Is this really possible? I saw  youtube videos on it an ad ad advertising goat riding lessons


----------



## cmjust0 (May 13, 2010)

I've ridden a few, but never really on purpose.  

I rode our old herdsire down a big hill once because he kept trying to push his head under my legs from behind..  Full rut, and I was dosing his ladies..  So, I thought _I'll show you!_ and let him get completely under me...then I pulled my legs up, thinking he'd realize I was heavy.

Nope.

We started off at a trot, but by the time we got to the bottom of the hill, he was at a pretty good sprint.  I bailed a little ways up the other side..  He kept going.

It was pretty fun, in an OH SH*T kind of a way..  Dangerous, though...I definitely could have caused him to injure himself.


----------



## Mini-M Ranch (May 13, 2010)

I've ridden a goat accidentally, as well.  I am a short person, and one of our does is pretty leggy.  I threw a leg over her to give her some dewormer.  She decided to run.  There wasn't much I could do, except grab her ear and twist.  lol.


----------



## ksalvagno (May 13, 2010)

I think most goats couldn't handle being ridden on purpose. Not sure about the large breeds. Are they talking about carting? There are plenty of people that train their goats to pull a cart. But this is the large breeds.


----------



## mossyStone (May 13, 2010)

CM I'd have paid good money to see that Rodeo Ride..... even if there was no bucking LOL    what a hoot


Mossy Stone Farm!


----------



## SarahFair (May 13, 2010)

No, no cart, riding!


----------



## Lil-patch-of-heaven (May 14, 2010)

Hmmm.  Wonder if the lessons are to teach the rider or the goat. 

If nothing else it doesn't sound practical. Goats are surely smart enough, but could probably only bear the weight of a child very far without stressing or damaging their bodies?  I'm thinking of llamas, which can be trained for riding but shouldn't carry an average sized adult (though I have seen videos of full-grown men riding them -- I think it must not be good for the llama). 

That said my buckling of only 3 months or so is SO strong I can barely manage him. He's always slipping through the gate if he thinks food is involved, so milking takes about twice as long as it should with me having to stash the does' grain outside a 2nd gate and generally get a rope on him to lead him back. 

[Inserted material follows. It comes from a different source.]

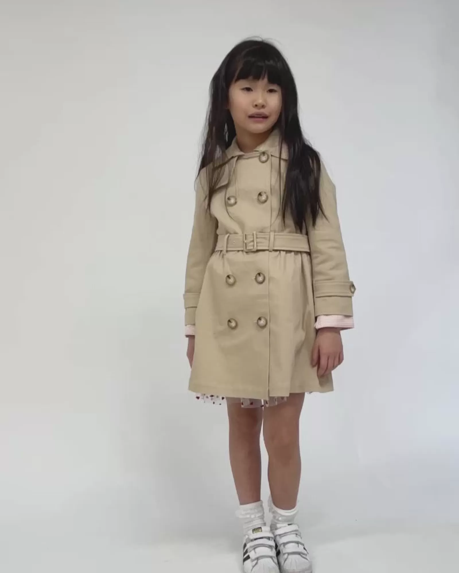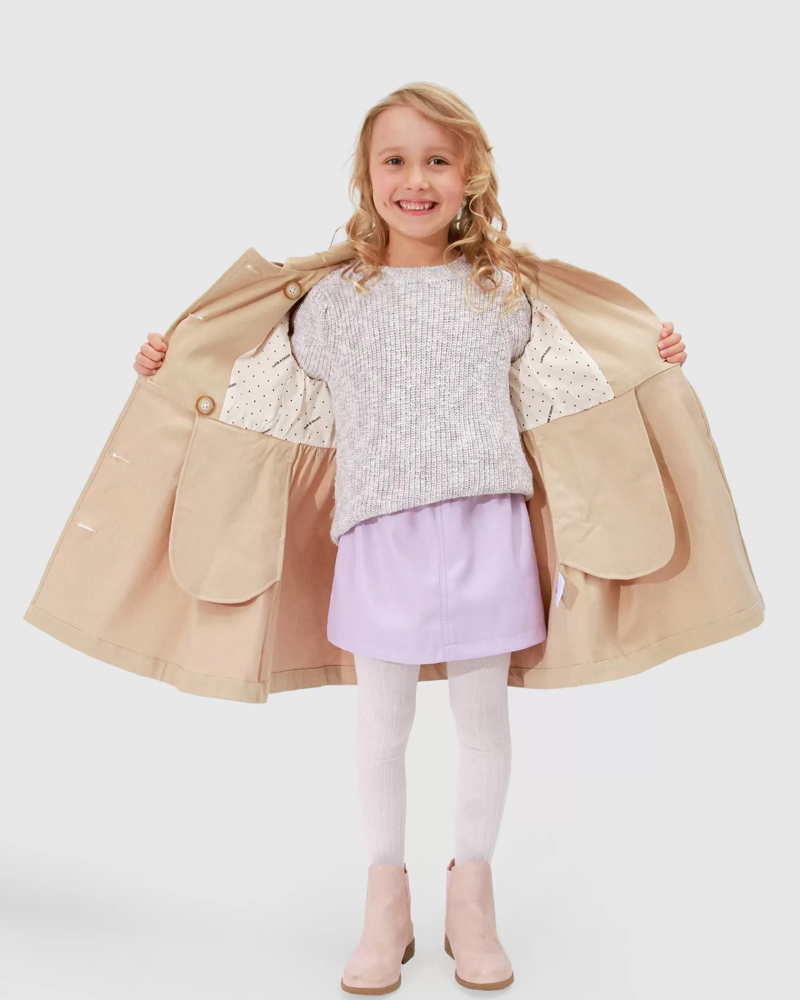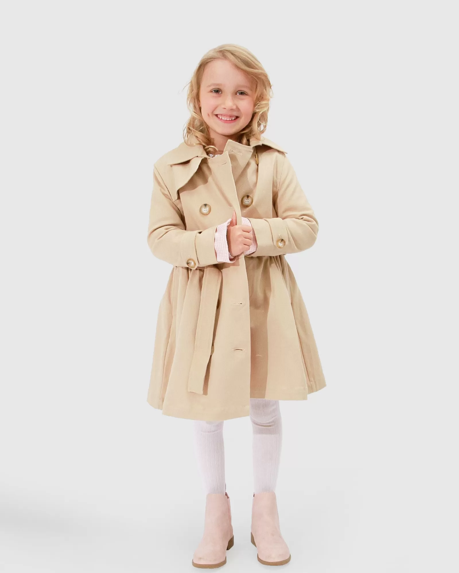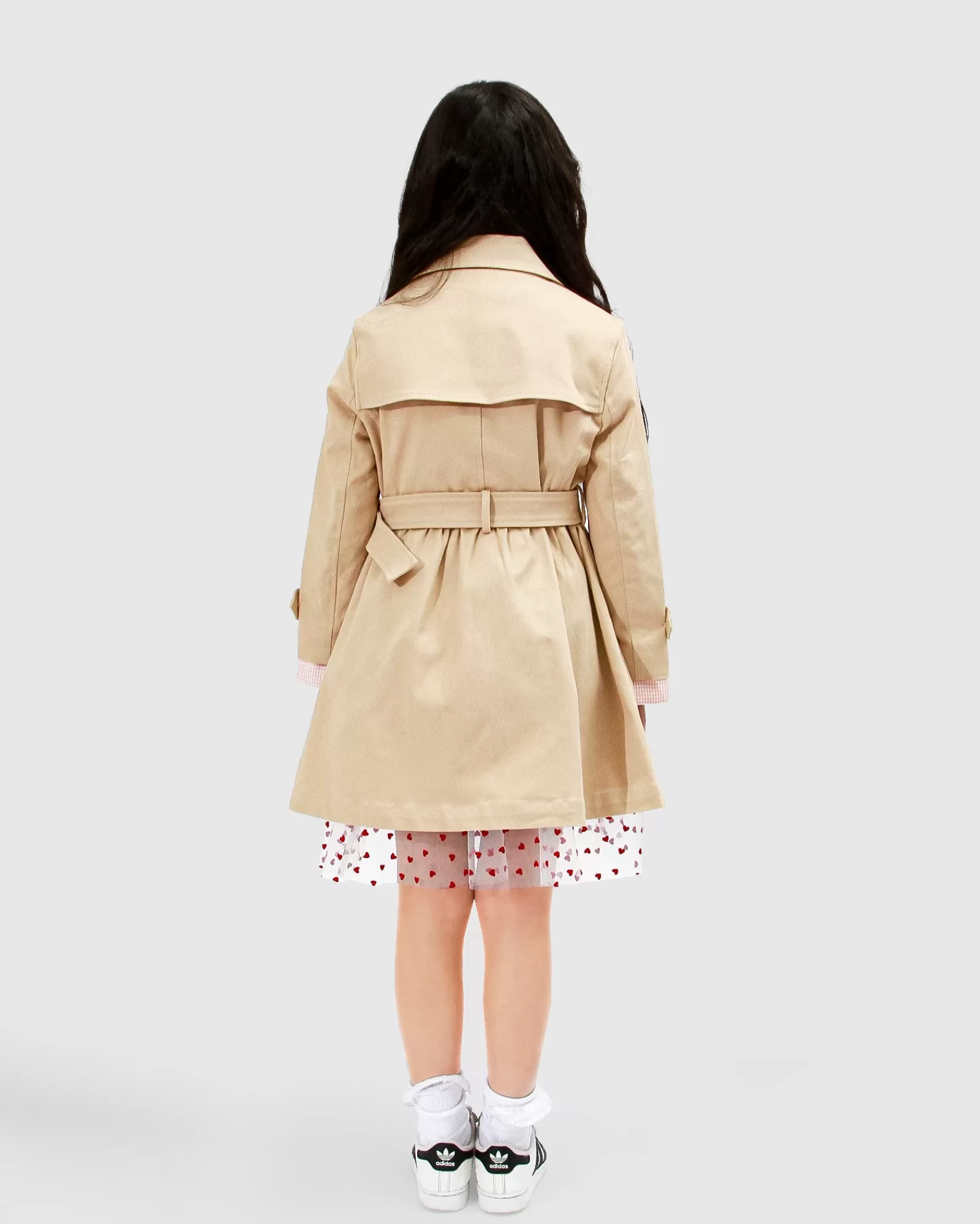 Elevate your little one’s wardrobe with our Miss Sunshine Girls Trench Coat, a true fashion essential with a touch of whimsy. Crafted from a durable yet soft heavy cotton twill, this double-breasted coat exudes timeless charm while offering a modern twist.

This morning he managed to get through the 2nd gate and as I was hauling him away from the food bucket with about the force I'd need to tow a Buick, I told him when he grows up, I AM going to ride him!  I think he will be able to carry 3 of me by then, lol!


----------



## rittert3 (Jun 8, 2010)

I think the larger breeds would beable to carry smaller children, maybe that was what the lessons were.


----------